FY16 Hedgeye Guidance ―
Looking into FY16 we are excited about the possibilities. Management is working hard on their “Consumer First” initiative and making great changes to current product while also introducing new products. Below is not a comprehensive list but some of the biggest things that we are looking forward to this year:
- Yoplait in China
- Gluten-Free Cheerios
- No artificial colors or flavors in the cereal
- Granola innovation / Muesli
- Greek Plenti / Whips
- Original yogurt sugar reduction
- Renovation on Grain Snacks
- Strong push on Natural & Organic products
- Delivering Value to consumer on brands like Totino’s and Hamburger Helper
- Bringing U.S. innovation International
Bottom line is they are still struggling; we don’t want to shy away from that. But the core of the portfolio is growing and management seems to be working tirelessly on implementing changes to grow the rest of the portfolio, especially cereal. We also still believe that to have continued growth into the future a sizeable acquisition or divestiture would be beneficial to the business.
TLT | VNQ | EDV | UUP
We added UUP to investing ideas this week as a largely expected sequential acceleration in GDP from Q1 to Q2 on a seasonally adjusted annual basis pulled forward the market’s expectation for a rate hike which = USD strength. The USD finished positive on the week (+0.50% on Thursday’s print alone)

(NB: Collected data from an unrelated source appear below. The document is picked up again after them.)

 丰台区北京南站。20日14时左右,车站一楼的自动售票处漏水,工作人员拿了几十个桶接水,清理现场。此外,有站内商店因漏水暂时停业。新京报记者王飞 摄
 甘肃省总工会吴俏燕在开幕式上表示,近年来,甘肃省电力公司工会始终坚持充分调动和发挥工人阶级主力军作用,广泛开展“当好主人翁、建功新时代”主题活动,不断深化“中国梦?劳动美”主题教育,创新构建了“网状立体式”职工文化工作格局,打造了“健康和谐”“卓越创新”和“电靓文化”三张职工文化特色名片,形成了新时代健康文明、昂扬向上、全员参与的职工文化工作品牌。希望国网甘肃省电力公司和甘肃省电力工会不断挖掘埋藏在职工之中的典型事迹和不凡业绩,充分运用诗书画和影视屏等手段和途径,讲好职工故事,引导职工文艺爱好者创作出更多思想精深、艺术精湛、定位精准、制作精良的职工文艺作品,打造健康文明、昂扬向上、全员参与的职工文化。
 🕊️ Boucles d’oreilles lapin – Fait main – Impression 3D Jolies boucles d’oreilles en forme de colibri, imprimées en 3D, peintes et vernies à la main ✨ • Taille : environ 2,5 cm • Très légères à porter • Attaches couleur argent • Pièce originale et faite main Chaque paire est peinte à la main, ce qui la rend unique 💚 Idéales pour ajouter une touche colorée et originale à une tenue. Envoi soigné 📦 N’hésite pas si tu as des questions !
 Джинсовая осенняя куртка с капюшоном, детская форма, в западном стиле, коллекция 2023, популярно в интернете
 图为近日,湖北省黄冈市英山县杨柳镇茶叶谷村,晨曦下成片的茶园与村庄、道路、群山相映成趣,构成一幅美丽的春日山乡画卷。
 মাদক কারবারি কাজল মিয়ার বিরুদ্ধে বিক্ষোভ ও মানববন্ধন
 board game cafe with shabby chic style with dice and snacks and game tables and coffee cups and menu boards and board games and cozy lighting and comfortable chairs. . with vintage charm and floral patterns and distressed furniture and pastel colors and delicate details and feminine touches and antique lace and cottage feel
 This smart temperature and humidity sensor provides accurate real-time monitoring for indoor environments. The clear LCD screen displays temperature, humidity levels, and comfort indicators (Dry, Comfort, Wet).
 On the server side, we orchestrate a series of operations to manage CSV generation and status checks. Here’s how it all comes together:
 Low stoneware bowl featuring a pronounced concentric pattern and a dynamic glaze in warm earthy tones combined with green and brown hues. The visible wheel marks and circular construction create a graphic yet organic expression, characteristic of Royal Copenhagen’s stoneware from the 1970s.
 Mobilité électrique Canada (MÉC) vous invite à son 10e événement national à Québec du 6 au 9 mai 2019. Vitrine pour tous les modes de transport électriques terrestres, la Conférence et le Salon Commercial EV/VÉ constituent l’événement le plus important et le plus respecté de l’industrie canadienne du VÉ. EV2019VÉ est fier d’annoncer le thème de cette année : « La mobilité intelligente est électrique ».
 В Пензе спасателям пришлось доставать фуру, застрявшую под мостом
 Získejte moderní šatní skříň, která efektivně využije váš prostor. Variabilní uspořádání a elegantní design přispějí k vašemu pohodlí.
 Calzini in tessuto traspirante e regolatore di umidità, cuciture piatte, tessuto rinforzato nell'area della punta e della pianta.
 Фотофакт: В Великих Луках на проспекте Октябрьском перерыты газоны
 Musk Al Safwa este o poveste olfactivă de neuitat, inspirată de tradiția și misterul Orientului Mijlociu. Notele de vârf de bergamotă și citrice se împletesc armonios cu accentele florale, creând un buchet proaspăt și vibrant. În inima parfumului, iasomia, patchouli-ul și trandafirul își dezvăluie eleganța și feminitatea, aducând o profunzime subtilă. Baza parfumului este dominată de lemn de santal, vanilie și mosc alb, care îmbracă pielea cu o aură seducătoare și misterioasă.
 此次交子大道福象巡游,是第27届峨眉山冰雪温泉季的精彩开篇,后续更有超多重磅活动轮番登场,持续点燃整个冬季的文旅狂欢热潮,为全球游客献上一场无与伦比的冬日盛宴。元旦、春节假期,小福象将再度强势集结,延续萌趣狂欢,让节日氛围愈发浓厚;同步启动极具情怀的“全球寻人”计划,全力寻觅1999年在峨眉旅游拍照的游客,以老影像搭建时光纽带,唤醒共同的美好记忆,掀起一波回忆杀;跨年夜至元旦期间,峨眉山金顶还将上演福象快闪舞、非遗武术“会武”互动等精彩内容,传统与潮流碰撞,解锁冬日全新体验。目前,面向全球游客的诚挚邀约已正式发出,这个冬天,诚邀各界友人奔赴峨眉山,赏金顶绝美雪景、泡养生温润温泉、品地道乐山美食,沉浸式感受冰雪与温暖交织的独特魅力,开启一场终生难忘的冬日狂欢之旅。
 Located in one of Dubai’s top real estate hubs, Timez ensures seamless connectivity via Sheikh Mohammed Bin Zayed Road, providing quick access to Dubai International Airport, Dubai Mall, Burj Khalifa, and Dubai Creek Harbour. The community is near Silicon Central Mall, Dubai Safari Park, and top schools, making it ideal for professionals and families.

- U.S. GDP reported Thursday for Q2 came in at +2.3% on a Q/Q seasonally-adjusted annual rate and the market took it as a positive print à rate hike expectations pulled forward.
- Remember that 1) Consensus focuses on this SAAR number and 2) The GDP acceleration came off of an awful Q1 print (Q1 revised to a measly +0.60% for Q1 vs. initially reported -0.20%)
- On a Y/Y basis (crazy Hedgeye speak) GDP for Q2 actually decelerated to +2.3% YY vs. 2.9% prior
- With very difficult base effects in our model for 2H 2015 GDP we expect Q2 data (especially the GDP print) to provide support for the USD
- Our expectation for Y/Y GDP in Q3/Q4 are +1.6% Y/Y (+1.4% Q/Q SAAR) and +1.5% Y/Y (+1.7% Q/Q SAAR) respectively; These prints (Q3 will come in October) will stoke a relatively more dovish FED for a short time (USD headwind) but until then we’ll ride the Q2 data train.